We’ll learn more about it in an issue or two, but in case you don’t remember, the Battle Nexus actually originated from the 4Kids TMNT cartoon that was airing at the time this comic was being published.  Since Laird had such a direct hand in grooming that show, he evidently felt no hesitation about adopting ideas from it for the Mirage comics.  Lots of 4Kids concepts would show up in Volume 4 and Tales Volume 2, from the Foot Mystics to Hun, but the Battle Nexus seemed like one of the biggest inclusions.

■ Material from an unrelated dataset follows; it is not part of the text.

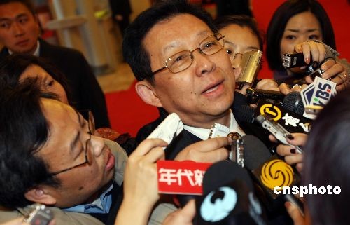 3月3日下午,商務(wù)部部長陳德銘參加全國政協(xié)十一屆二次會(huì)議開幕會(huì)時(shí)被記者圍堵采訪,他表示中國的經(jīng)濟(jì)仍然在增長,不能說進(jìn)入衰退。中新社發(fā) 傅丹丹 攝

If this is the SAME Battle Nexus from the 4Kids cartoon, I don’t think we’ve ever found out.  With the Turtles all existing in a multiverse, where alternate versions of themselves can crossover and interact (as per Turtles Forever), you’d think there’d be only a single Battle Nexus.  But who knows, maybe there’s more.  I guess if the Turtles all have alternate versions of themselves across the multiverse, then the Daimyo and his court can have duplicates, too.  But again, we don’t know.

It begs a lot of questions.  Was the Splinter that Jorut saw participate in the Battle Nexus the Mirage Splinter?  Or was it the 4Kids Splinter?  Or a different Splinter?  And what does the Battle Nexus have to do with the mystery warriors attacking the Foot and trying to destroy that book they were publishing?

Nine years later and we still don’t know.

I’m trashing this issue pretty hard, but in all honesty it is not a good comic.  How someone can script three pages of Michelangelo eating corn and think “this is the Ninja Turtles story that NEEDS to be told!” I’ll just never understand.  But about six pages of content happen in this issue and the rest is filler.  Water-sipping, corn-chewing FILLER.